Bangalore girl Mandira Tiwari was in class 8 when Barack Obama warned Americans about outsourcing to India’s software hub, and then about Indian students like her surpassing their US counterparts in science and math.
But three years later, Tiwari holds neither rancor, nor anxiety as Obama swears in for his second term as US President. Instead, Tiwari and nine other Indian students who have traveled to Washington DC under a special US government supported programme to see Obama up close at his reinauguration on Monday, carry hope.
“Yes, his rhetoric may not be the greatest, but I’ve seen the changes he has brought, and that’s why I still prefer him in the White House,” Tiwari, now in class 11 at Indus International School, Bangalore said.
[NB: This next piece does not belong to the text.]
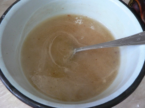 Для этого в бульон добавляем китайский соевый соус, оставшуюся чайную ложку кунжутного масла, винный уксус, примерно пол чайной ложки соли, полторы чайные ложки сахара, немного молотого красного перца (если любите острый вкус побольше), выдавливаем сюда же оставшийся чеснок – размешиваем. В полученную смесь всыпаем картофельный крахмал и снова всё тщательно перемешиваем.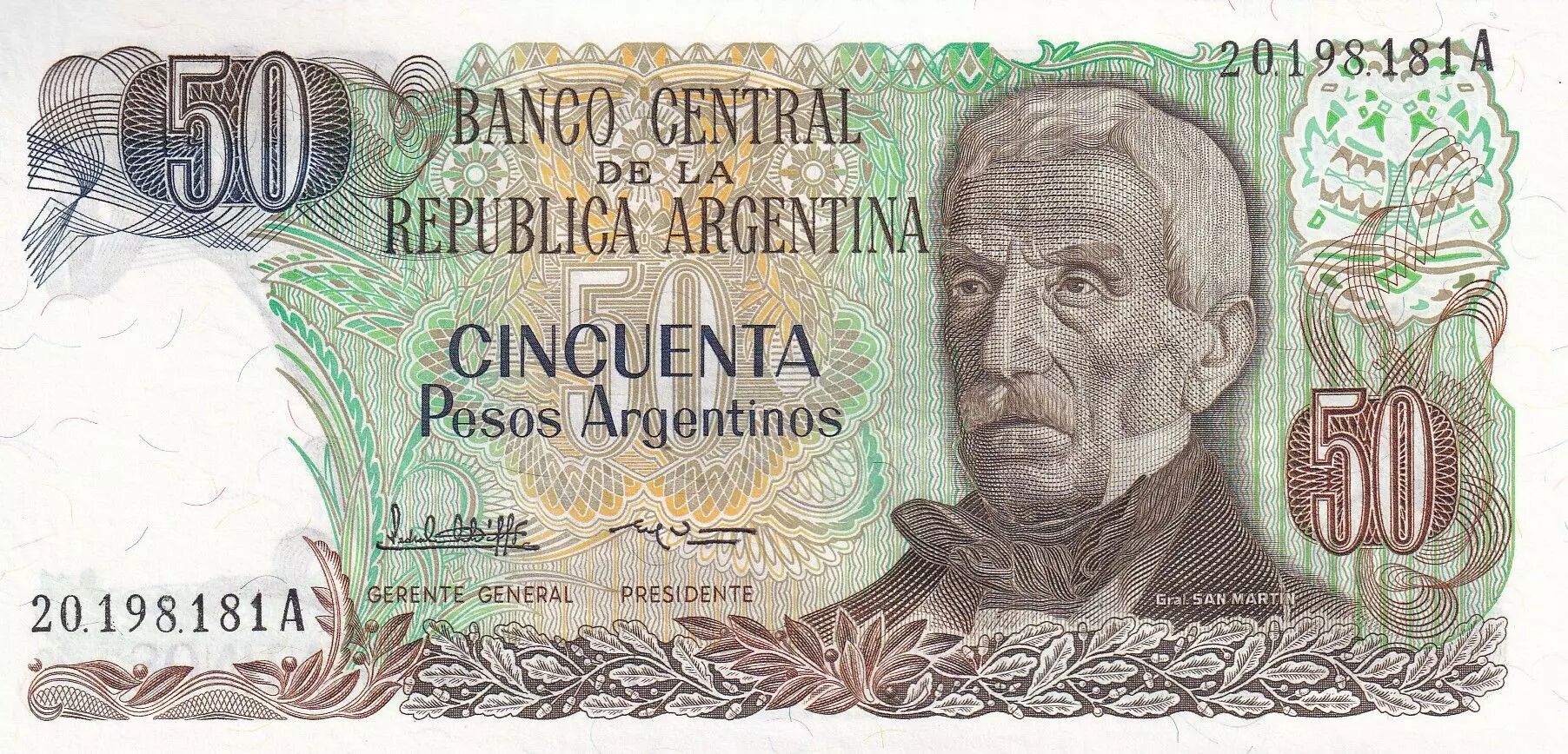 Banknote Argentina 50 Pesos - J. San Martin - Jujuy - ND (1983) - Serial A - P.314

The Indian school students – from Indus Valley and Indore-based Daly College – have been selected under the Lead America initiative, a programme that takes selected students from countries across the world to witness the inaugural ceremony of US presidents every four years.
Obama’s first swearing in and inaugural ceremony – in January 2009 – witnessed over a million people thronging Washington Square in the US capital to catch a glimpse of that nation’s first President with African American origins. Monday’s ceremony is expected to be relatively low key, with fewer people expected to attend.
But for the 10 Indian students, it’s a chance to witness history, as Obama speaks to the world during his reinauguration.
“He’s been a good president over the past four years,” said Indus Valley class 9 student Aditya Sheaker.
Obama has repeatedly stated that he wants to end tax incentives that encourage companies to outsource jobs to countries like India. "It's a tax code that says you should pay lower taxes if you create a job in Bangalore, India, than if you create one in Buffalo, New York," he told a public meeting in May 2009. Just a month later, he warned Americans about Indian students surpassing them academically. “The Chinese, the Indians, they are coming at us and they're coming at us hard, and they're hungry, and they're really buckling down," he said.
But Kuber Singh, who was among a few select Indian students who attended Obama’s first inauguration in 2009, insisted that he still respects the US president four years on. “Back then, it was a moving experience, as millions were hoping for change, a new direction,” Singh, then a student of Delhi’s GD Goenka School, and now an undergraduate student in Canada, said. “And he has started pulling out of wars he said he would, the economy is slowly recovering.”
“I am still very hopeful about him.”
(An earlier version of this story incorrectly identified Tiwari's school as Indus Valley International School.)